*The task:* Give the entries again exactly. Skip the pictures.

Top of Material for this exercise

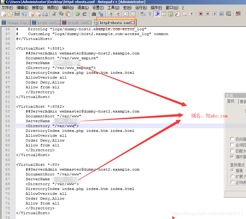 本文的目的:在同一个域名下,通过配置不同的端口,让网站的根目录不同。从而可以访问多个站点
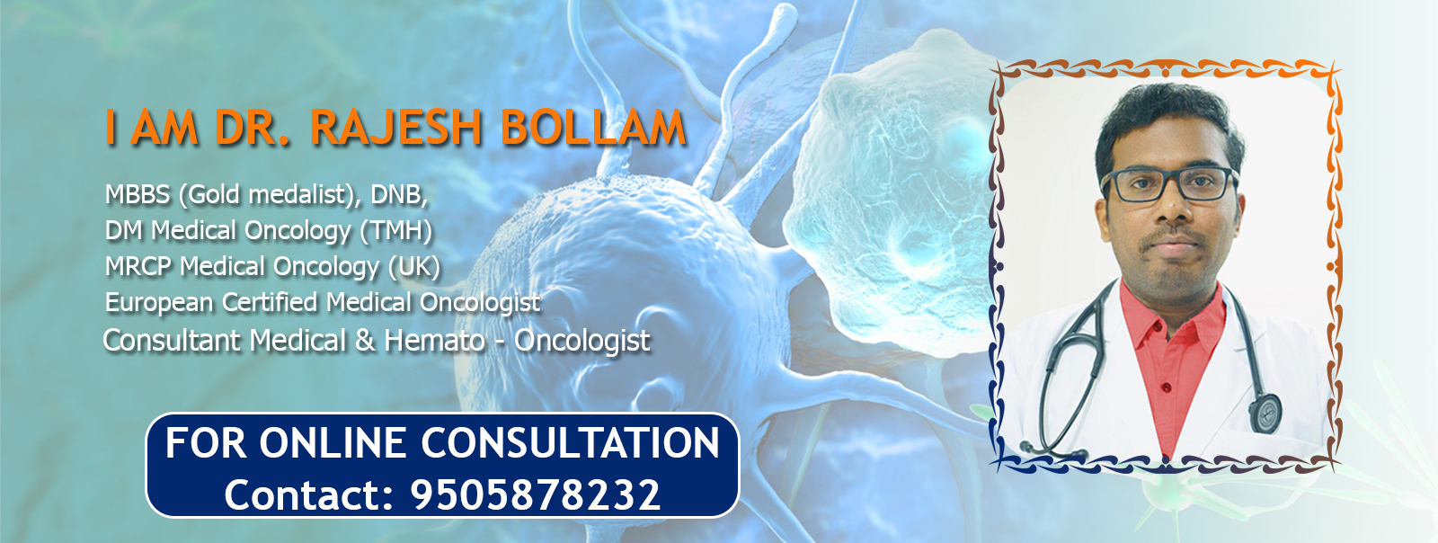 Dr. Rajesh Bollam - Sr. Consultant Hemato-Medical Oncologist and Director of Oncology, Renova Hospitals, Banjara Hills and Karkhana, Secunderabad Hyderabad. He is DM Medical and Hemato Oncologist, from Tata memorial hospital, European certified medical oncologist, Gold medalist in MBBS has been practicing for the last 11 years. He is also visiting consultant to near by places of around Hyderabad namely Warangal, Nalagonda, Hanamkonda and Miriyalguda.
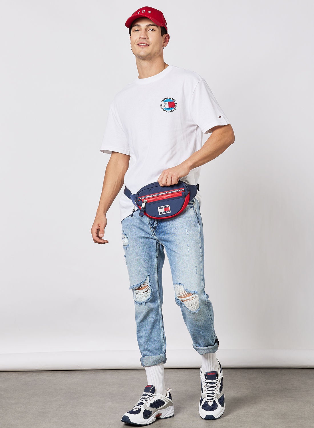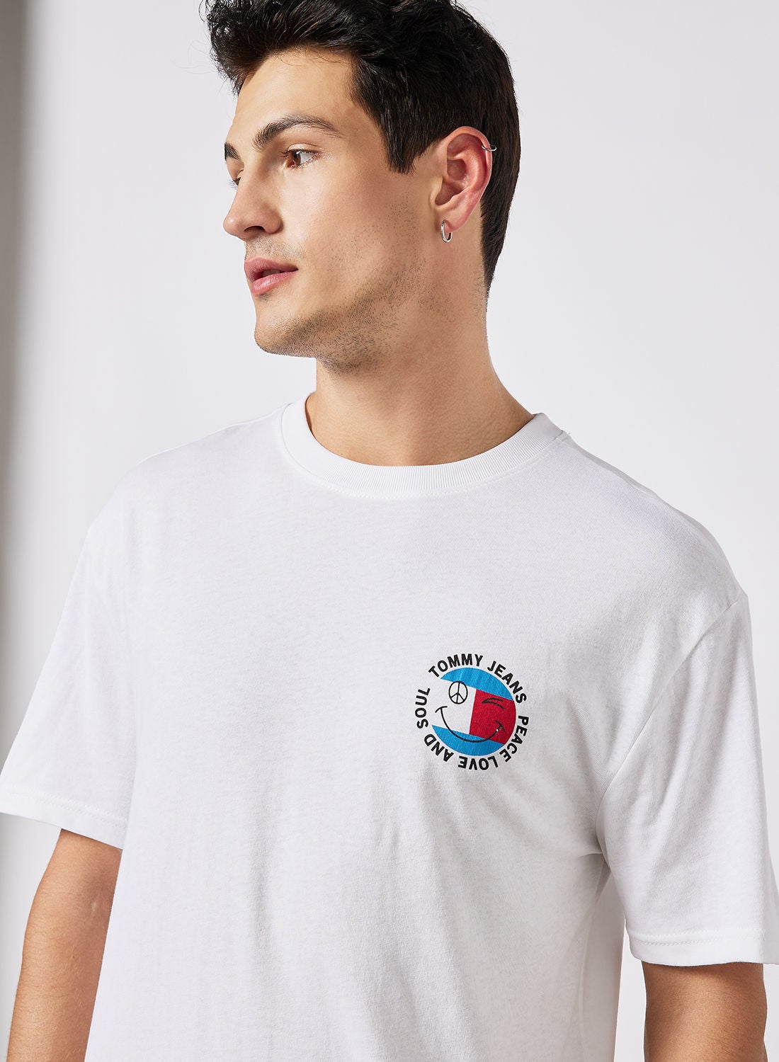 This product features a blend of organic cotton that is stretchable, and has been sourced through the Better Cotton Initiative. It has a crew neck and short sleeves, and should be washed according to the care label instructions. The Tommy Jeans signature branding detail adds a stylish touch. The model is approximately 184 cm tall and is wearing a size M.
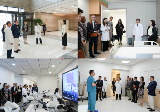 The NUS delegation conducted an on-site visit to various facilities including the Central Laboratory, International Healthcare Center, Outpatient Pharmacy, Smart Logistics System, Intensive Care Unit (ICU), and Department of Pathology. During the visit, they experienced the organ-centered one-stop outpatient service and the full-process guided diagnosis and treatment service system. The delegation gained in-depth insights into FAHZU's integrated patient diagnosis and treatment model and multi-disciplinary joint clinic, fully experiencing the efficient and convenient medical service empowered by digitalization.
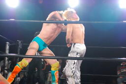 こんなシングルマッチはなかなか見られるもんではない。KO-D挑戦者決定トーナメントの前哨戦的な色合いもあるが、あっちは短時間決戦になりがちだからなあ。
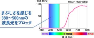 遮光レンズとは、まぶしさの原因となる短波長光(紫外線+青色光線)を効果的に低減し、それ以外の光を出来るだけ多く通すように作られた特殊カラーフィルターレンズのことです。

Bottom of Material for this exercise

*Answer section:*
 本文的目的:在同一个域名下,通过配置不同的端口,让网站的根目录不同。从而可以访问多个站点
 Dr. Rajesh Bollam - Sr. Consultant Hemato-Medical Oncologist and Director of Oncology, Renova Hospitals, Banjara Hills and Karkhana, Secunderabad Hyderabad. He is DM Medical and Hemato Oncologist, from Tata memorial hospital, European certified medical oncologist, Gold medalist in MBBS has been practicing for the last 11 years. He is also visiting consultant to near by places of around Hyderabad namely Warangal, Nalagonda, Hanamkonda and Miriyalguda.
 This product features a blend of organic cotton that is stretchable, and has been sourced through the Better Cotton Initiative. It has a crew neck and short sleeves, and should be washed according to the care label instructions. The Tommy Jeans signature branding detail adds a stylish touch. The model is approximately 184 cm tall and is wearing a size M.
 The NUS delegation conducted an on-site visit to various facilities including the Central Laboratory, International Healthcare Center, Outpatient Pharmacy, Smart Logistics System, Intensive Care Unit (ICU), and Department of Pathology. During the visit, they experienced the organ-centered one-stop outpatient service and the full-process guided diagnosis and treatment service system. The delegation gained in-depth insights into FAHZU's integrated patient diagnosis and treatment model and multi-disciplinary joint clinic, fully experiencing the efficient and convenient medical service empowered by digitalization.
 こんなシングルマッチはなかなか見られるもんではない。KO-D挑戦者決定トーナメントの前哨戦的な色合いもあるが、あっちは短時間決戦になりがちだからなあ。
 遮光レンズとは、まぶしさの原因となる短波長光(紫外線+青色光線)を効果的に低減し、それ以外の光を出来るだけ多く通すように作られた特殊カラーフィルターレンズのことです。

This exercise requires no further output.